===== DATASET RECORDS =====

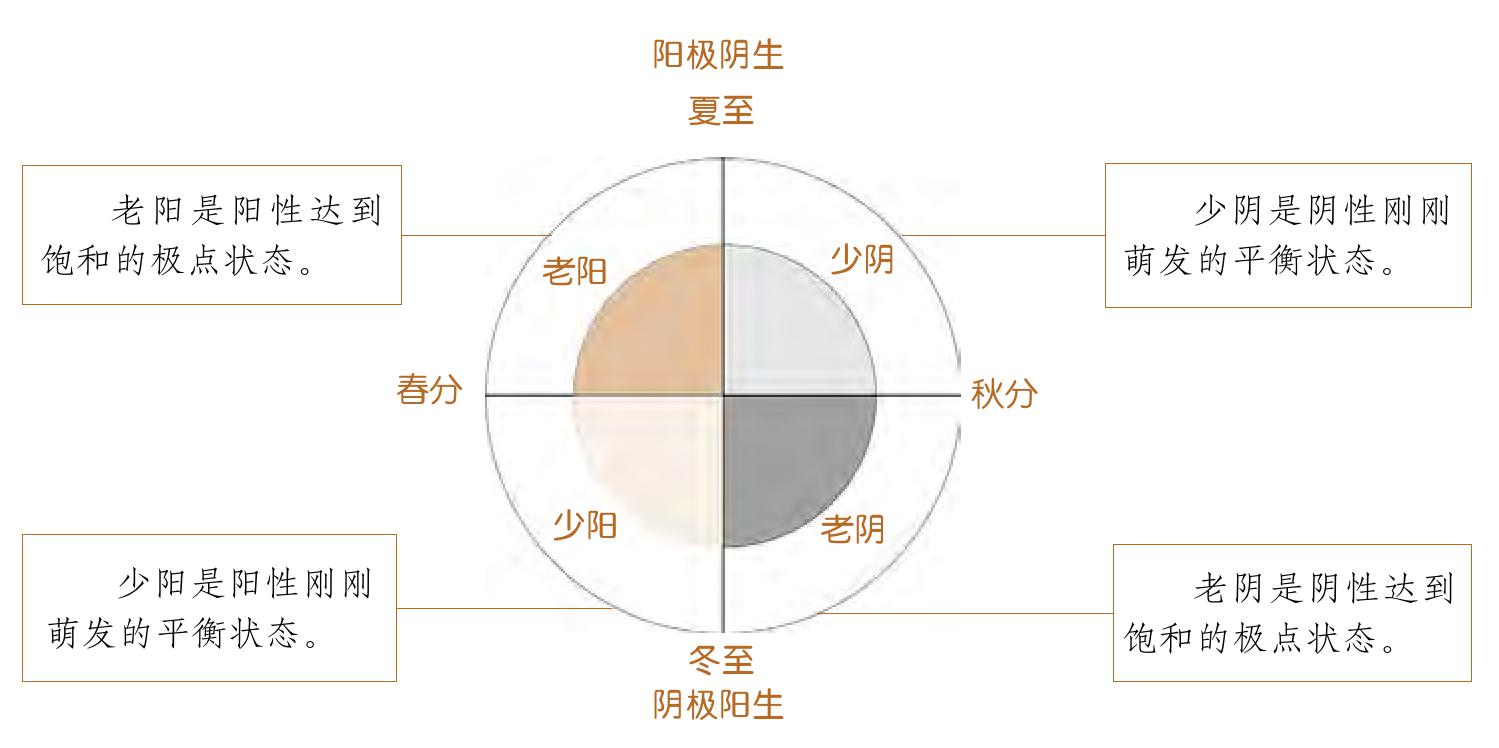 “少阳—老阳—少阴—老阴”这四象之间的变化关系非常复杂。在图中,少阳和老阴看似一样,实则不同。在少阳时,阳占据主动、积极、上升的状态;而老阴时,阴占据上升状态。少阴和老阳的关系同理。
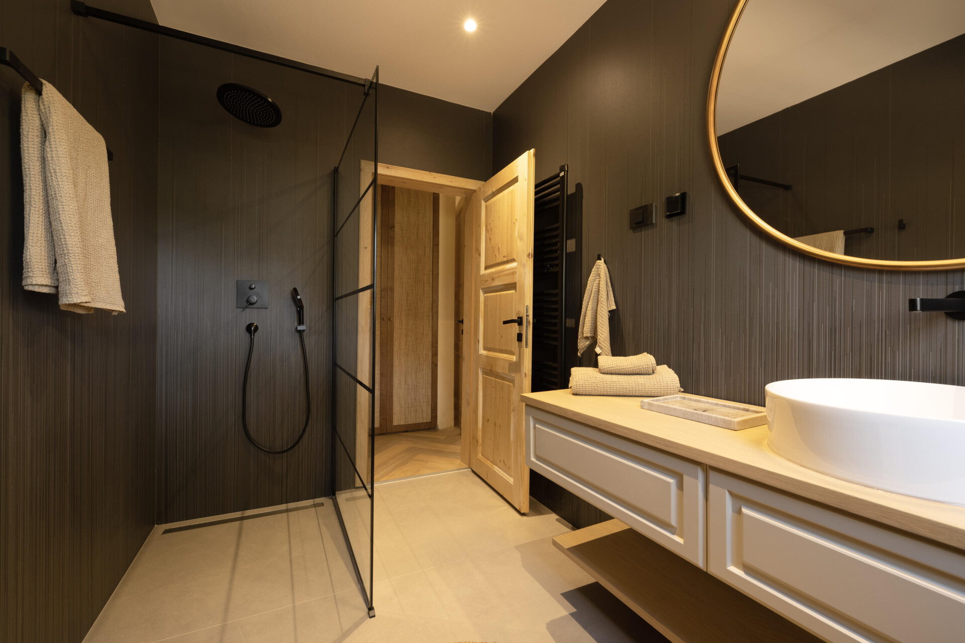 De eigenaren hebben gekozen voor de Premium 7004, waarbij de kleurschakeringen en zichtbare structuur de ruimte een eigentijdse uitstraling met een moderne twist geven.
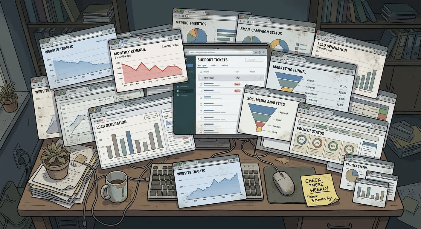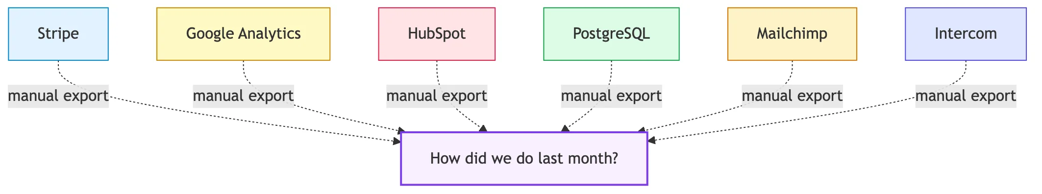 The result is 15+ dashboards across 15+ tools. Each one shows a narrow slice of your business through its own particular lens. None of them talk to each other. The only integration layer is you, a browser, and a spreadsheet.
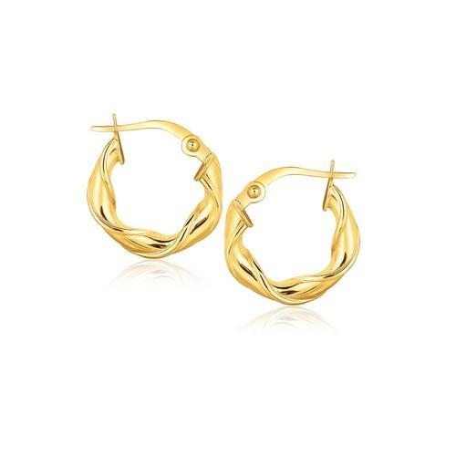 These twist hoop earrings are crafted in 14k yellow gold and measure 5/8 inch length and width, featuring a snap lock backing.Rhodium Polish: NoLine Item Type: GoldMetal Name: Yellow GoldMetal Content: 14KStyle Name: HoopsBacking: Snap LockLength: 0.63 inWidth: 0.63 in
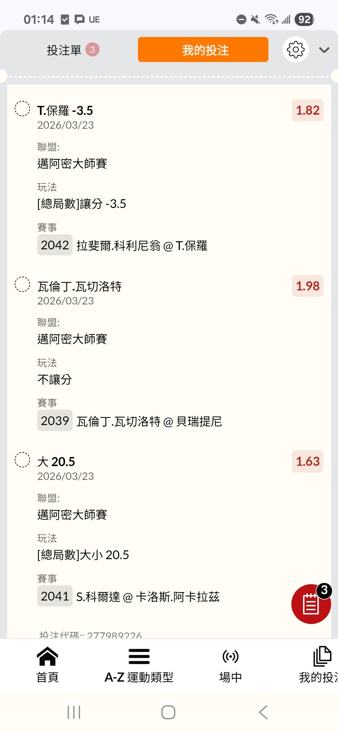 網球 >> 3/22 邁阿密網球公開賽
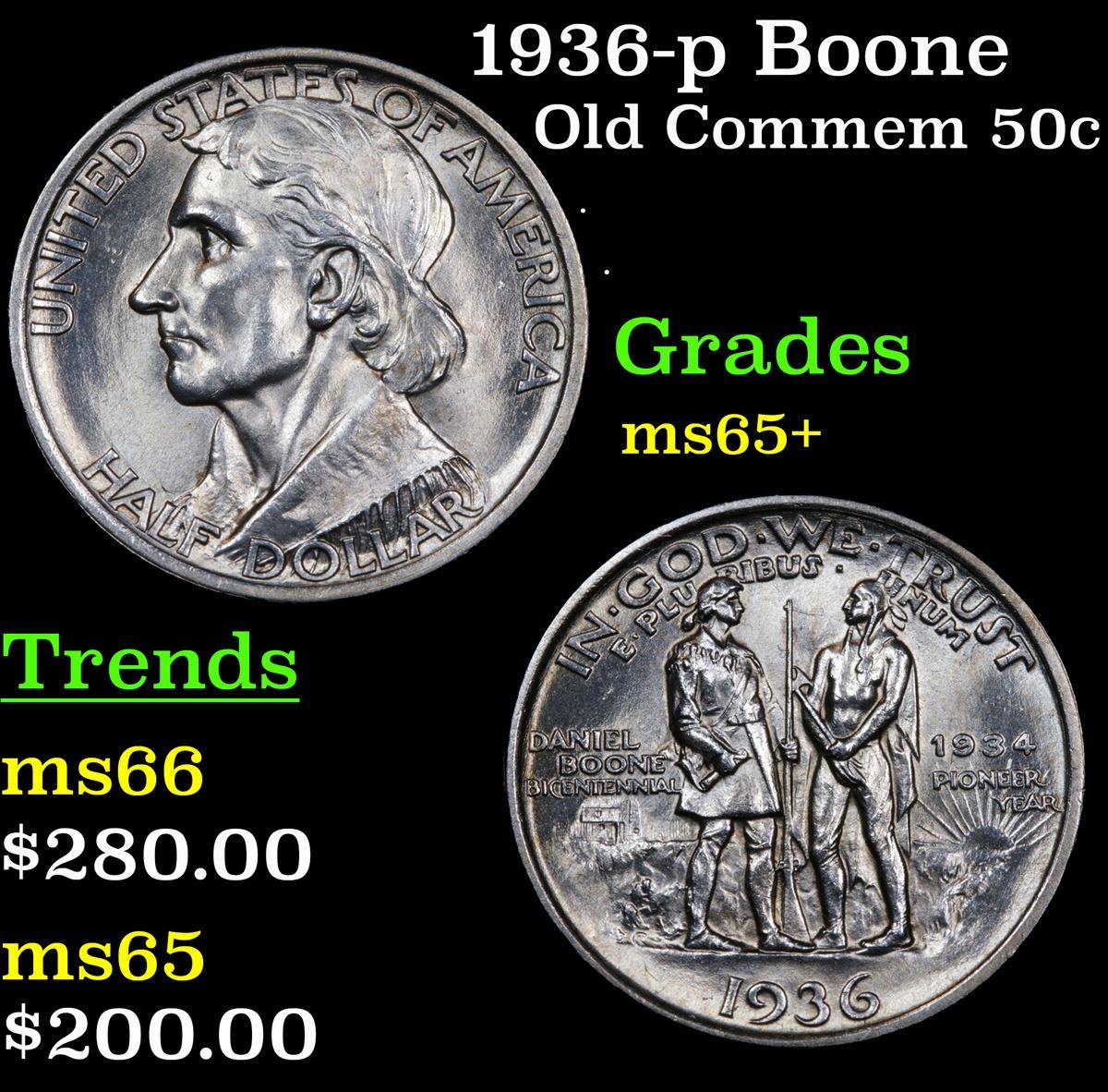1936-p Boone Old Commem Half Dollar 50c Grades GEM+ Unc.
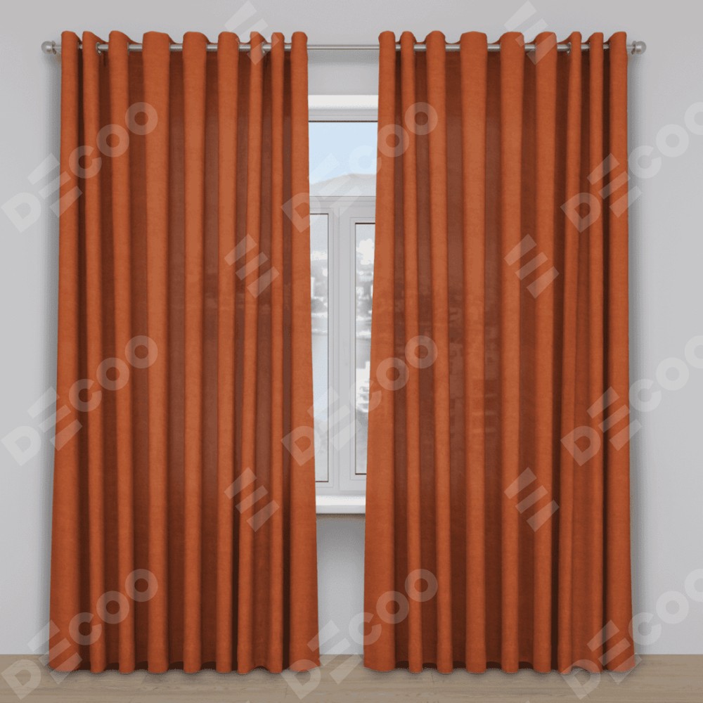 Комплект прямых штор, от производителя «Cortin», пошиты из ткани вельвет терракотовый, артикул ткани 85548. Данная модель пошита на люверсах, комплектуется на выбор круглым карнизом и подходит для монтажа на стену. Прямые шторы на люверсах шьются по стандарту с коэффициентом 1/2 (на 100 см. ширины проёма 200 см. ширины ткани), отличительным преимуществом данной модели является простой способ монтажа. Достаточно повесить ее на трубу и штора готова!
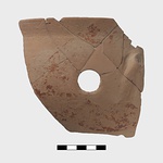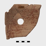 | Description: | Part of the body and rim, with the stump of one handle attachment preserved. Round hole, cut before firing, beside handle. Inside glazed; outside, broad rough band of glaze around body(?) below handles, and around outside of hole beside handle, to rim. Very soft buff clay, much worn. Dull red glaze, much peeled. | |

=====

YOUR GOAL
From the first line to the last, write out the data above exactly. Omit the pictures.

EXERCISE RESULT
 “少阳—老阳—少阴—老阴”这四象之间的变化关系非常复杂。在图中,少阳和老阴看似一样,实则不同。在少阳时,阳占据主动、积极、上升的状态;而老阴时,阴占据上升状态。少阴和老阳的关系同理。
 De eigenaren hebben gekozen voor de Premium 7004, waarbij de kleurschakeringen en zichtbare structuur de ruimte een eigentijdse uitstraling met een moderne twist geven.
 The result is 15+ dashboards across 15+ tools. Each one shows a narrow slice of your business through its own particular lens. None of them talk to each other. The only integration layer is you, a browser, and a spreadsheet.
 These twist hoop earrings are crafted in 14k yellow gold and measure 5/8 inch length and width, featuring a snap lock backing.Rhodium Polish: NoLine Item Type: GoldMetal Name: Yellow GoldMetal Content: 14KStyle Name: HoopsBacking: Snap LockLength: 0.63 inWidth: 0.63 in
 網球 >> 3/22 邁阿密網球公開賽
1936-p Boone Old Commem Half Dollar 50c Grades GEM+ Unc.
 Комплект прямых штор, от производителя «Cortin», пошиты из ткани вельвет терракотовый, артикул ткани 85548. Данная модель пошита на люверсах, комплектуется на выбор круглым карнизом и подходит для монтажа на стену. Прямые шторы на люверсах шьются по стандарту с коэффициентом 1/2 (на 100 см. ширины проёма 200 см. ширины ткани), отличительным преимуществом данной модели является простой способ монтажа. Достаточно повесить ее на трубу и штора готова!
 | Description: | Part of the body and rim, with the stump of one handle attachment preserved. Round hole, cut before firing, beside handle. Inside glazed; outside, broad rough band of glaze around body(?) below handles, and around outside of hole beside handle, to rim. Very soft buff clay, much worn. Dull red glaze, much peeled. | |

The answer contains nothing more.